Poor Buffy. She never had a chance to be mundane so it was all she ever wanted. 

Sunday, April 29, 2012

Thoughts I'm Paying For: Excerpts From College Term Papers: Macbeth

Just like it says at the top, folks. This is a chunk out of a paper I wrote in college. I never titled anything. I wrote these papers with the wildest of abandon. Let's power through.

MacDuff's status as archetypal hero is most demonstrable at the point when Macbeth has MacDuff's wife and children. It is an action like this, which almost always precedes the hero's 'dark night of the soul' or 'moment of doubt'. MacDuff could have, until this point, walked away. Macbeth had in no way directly wronged him. He could have not done anything, but the slaughter of his family thrusts him headlong into his role as the hero.

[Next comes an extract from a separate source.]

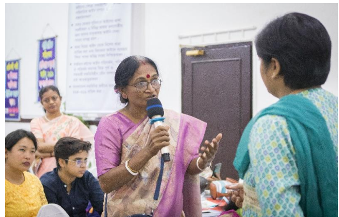
(Left photo) Young women leaders presenting the need to promote gender-sensitive content on social media platforms and raising awareness on cyber security issues; (Right photo) A veteran woman leader from Bangladesh Mahila Parishad (BMP) highlighting the need for mapping and listing of destitute/homeless people with disabilities to ensure their safety and provide special healthcare services.

Basically, my theory was that Macbeth was not a tragic figure, but the natural progression and end of an archetypal villain. Top that!

Tuesday, March 27, 2012

Bad Poetry 202

 I wrote “Cigars” about a friend of my brother’s who drown when he was 14. The conversation I had with him within the poem was, to the best of my recollection, true. I held a certain amount of amorphous guilt about his death. I’d seen him a day or so before his death and, for selfish teenage boy reasons, I ushered him away. I had a certain amount of trouble reconciling my feelings partially due to the fact that I had any. In the town where I grew up everyone knew a dead kid.


Cigars

A year ago today
We sat at my table
And talked about the big and the small
A year ago today
We talked first loves
First lusts
The   women we had and
The women we wanted
A year ago today
We stood over a machine
And speculated what was making
It tick and wheeze and sputter so
A year ago we stared at stars
And wondered their purpose
We sat smoking cigars
Their pungent odor
Irritating our eyes
I told you my worries
You said “Everything works out”
You smiled and made it all simple
I don’t smoke cigars anymore
My eyes still water though
Because a year ago tomorrow
I saw them pull you
From the water.

A pretty childish punch at the end there, but hey, at least I was trying to write my feelings, right? Oh, and the “me” in the poem was totally lying. I still smoked cigars.